Natural gas futures hovered in a narrow but positive range to launch trading Wednesday, with bulls focused on late August heat, lower production, and forecasts for an anemic storage print.
Following a 4.1-cent loss the prior session – the first decline in six days -- the September Nymex gas futures contract was up 3.6 cents to $2.184/MMBtu as of about 8:40 a.m. ET.
NatGasWeather said national demand would likely be “moderate” through the current trading week “due to comfortable temperatures across much of the northern half of the U.S.” Yet the southern half of the country “will be very warm to hot with highs of 90s-100s.”
The firm’s outlook called for “hot high pressure to expand over the interior U.S. late in the week through early next week with highs of upper 80s to 100s for strong national demand.”
Tropical Storm Ernesto was also gathering momentum in the Atlantic Ocean. It was expected to strengthen into a hurricane, although it was “favored to make a northward turn toward Bermuda, while remaining well offshore” of the East Coast, NatGasWeather said.
The firm chalked up Tuesday’s loss in part to profit-taking after the bull run that spanned most of last week and the start of the current trading period. Lower LNG volumes also had an impact.
Liquefied natural gas demand hovered around 12 Bcf/d on Wednesday, according to Wood Mackenzie. That was down from August highs above 13 Bcf/d.

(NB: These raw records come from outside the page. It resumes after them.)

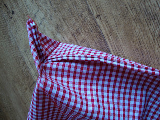 Cut your fabric a little more that twice the size you want your finished bag to be. I didn't do any measuring - just made a selection of sizes. If you use a fabric such as gingham, you can just cut along the lines - super speedy!
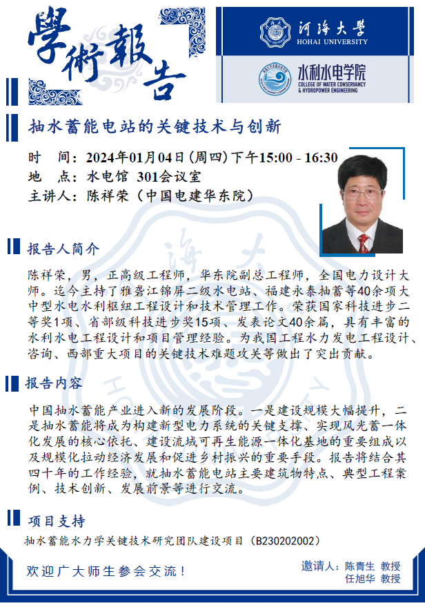 学术报告会 | 抽水蓄能电站的关键技术与创新
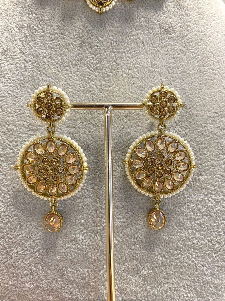 SLIGHTLY IMPERFECT: Antique Gold Necklace Set - Champagne/Pearl

Gelber & Associates analysts said Sabine Pass LNG was “primarily responsible” for the decline. “The terminal has dropped low enough in recent days to suggest that an entire train may be offline.”
Meanwhile, the recent rally was fueled by lower production estimates and expectations for a slim print with Thursday’s Energy Information Administration (EIA) storage report.
Wood Mackenzie estimated production was 100.6 Bcf/d on Wednesday, down from the 30-day average of 102 Bcf/d.
Flow data “out of Appalachia indicates that the region is still the culprit for recent weakness in production,” the Gelber analysts said. If levels were to “remain stagnant there well beyond expected maintenance timelines, it may indicate that producers have made more permanent cuts to output.”
For the EIA print covering the week ended Aug. 9, NGI modeled a 1 Bcf build. That is far from the 43 Bcf five-year average. Preliminary estimates submitted to Reuters ranged from a withdrawal of 8 Bcf to an injection of 30 Bcf, with an average increase of 19 Bcf.
As of Aug. 2, natural gas in storage totaled 3,270 Bcf, which put stocks 15% above the five-year average. That surplus has declined from a 2024 high of 40% in March. Yet it remains elevated with the market entering the final stretch of summer.
“With Thursday's report having the potential to print a draw, this is likely to lead to volatile trade as major players position ahead of it,” NatGasWeather said.